November 8, 2002 . VOLUME 95 . NUMBER 8 . BACK TO HEADLINES . ARCHIVES


New public diplomacy efforts: necessary but crude

By ROLAND McKAY




"Our music is American, it's hip and it's something everybody can be comfortable with …." Thus ends an article funded by the U.S. Government on a group of D.C.-area Muslim-American rappers that are "totally American." So dappled is the text with reminders that the three black Muslims are ‘American' that the article only devotes a single sentence to the content of the group's lyrics—shunning bars, discos, clubs, dancing, alcohol and wind and string instruments. The piece is only part of a recent campaign by the State Department to market to the Muslim world the idea that their American counterparts are living happily after Sept. 11. "I didn't see any prejudice anywhere in my neighborhood after Sept. 11," exclaims Rawia Ismail in a government-produced video set for release in Indonesia.

What is surprising about the campaign is not the existence of a concentrated public diplomacy effort in the Muslim world in anticipation of the looming bad press about Iraq, but the crudeness with which the entire endeavor was put together. A former Madison Avenue advertising executive orchestrated the video series and various domestic freelance writers have been enlisted to document blissful Muslim-Americans around the country in prose.
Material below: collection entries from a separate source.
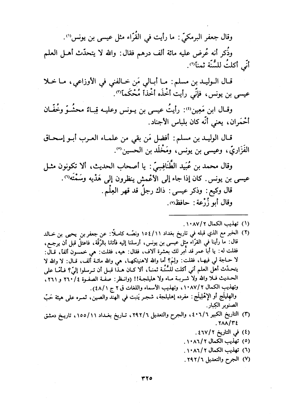 [2] الخبر مع الّذي قبله في تاريخ بغداد 11/ 154 ونصّه كاملا: عن جعفر بن يحيى بن خالد قال: ما رأينا في القرّاء مثل عيسى بن يونس، أرسلنا إليه فأتانا بالرّقّة، فاعتلّ قبل أن يرجع، فقلت له: يا أبا عمر قد أمر لك بعشرة آلاف، فقال: هيه، فقلت: هي خمسون ألفا، قال:
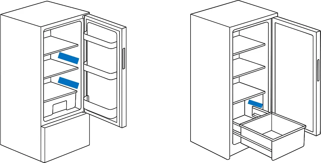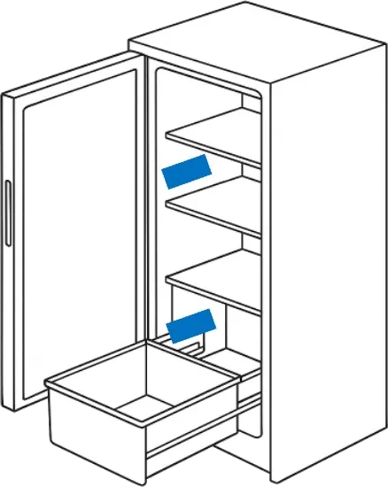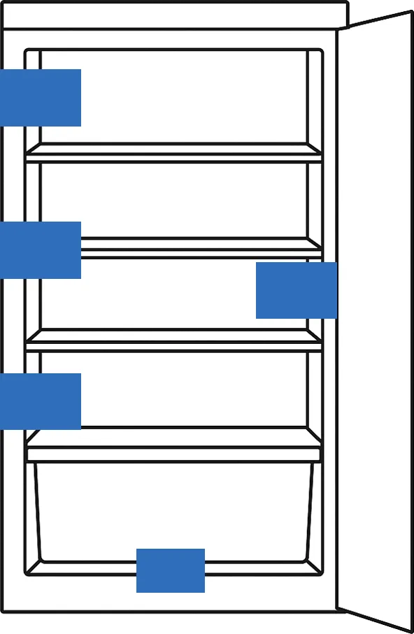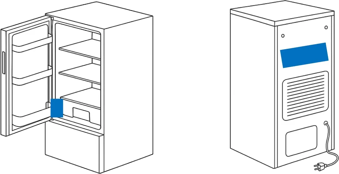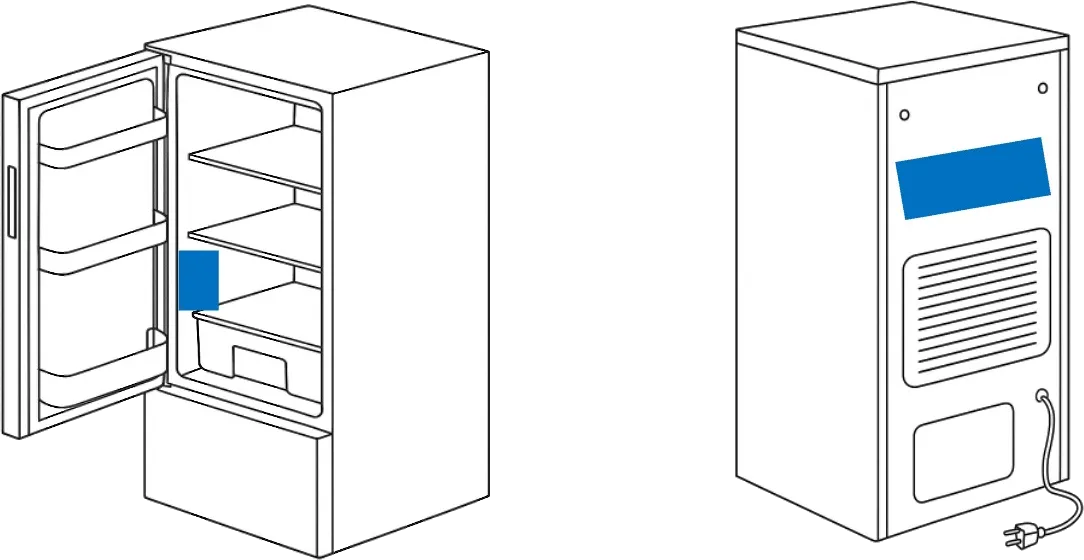 Das Typenschild mit Modellnummer, Typenbezeichnung, Produktnummer (PNC), dem ML Code und Seriennummer befindet sich bei AEG Kühlschränken in der Regel auf der Innenseite seitlich an der Wand nahe der Tür oder an der Wand links oder rechts neben dem Gemüsefach.
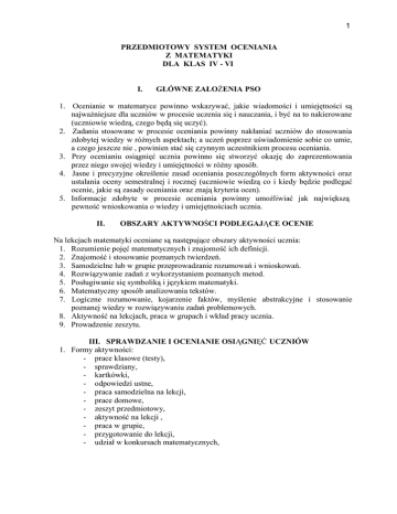 1 PRZEDMIOTOWY SYSTEM OCENIANIA Z MATEMATYKI DLA

Photographers and poets have both found a steady supply of government grants available to pitch a message, which, whether or not it fully reflects the realities of American society, is reminiscent of past failures in public propaganda.

Tailoring America's image abroad is not a bad idea, but a media blitz cannot save the government from the widespread loathing it endures as a result of its policies in the region. Americans themselves may remember the glut of television commercials that the Saudi Kingdom ran immediately following Sept. 11. This did not save them from scathing articles in the mainstream press about the contradictions of its stance towards Islamic extremists within its own borders, however. The ads were not a part of any broader policy measure or image transformation and thus had little effect on American public opinion.

However laughable the new "Muslim Life in America" campaign is, it does go without precedent. From Eastern Europe in the 1960s to Central America in the 1980s, America has always pursued influence through symbolism—openly with the former U.S. Information Agency and covertly through the C.I.A. Public diplomacy, as modern propaganda is known, can be a useful complement to economic aid and the various cultural programs that have suffered funding cuts lately. The State Department has pulled out funding for educational exchanges and U.S. cultural centers even as it has acknowledged that "something has to be done in that region." It has replaced long-standing American institutions abroad with a history of success in establishing cultural bonds that bridge religious and political differences with public diplomacy that is redolent of the worst of American culture: infomercials. The new series is so dumbed-down, in fact, that it elicited open laughter from a Muslim focus group during an early screening.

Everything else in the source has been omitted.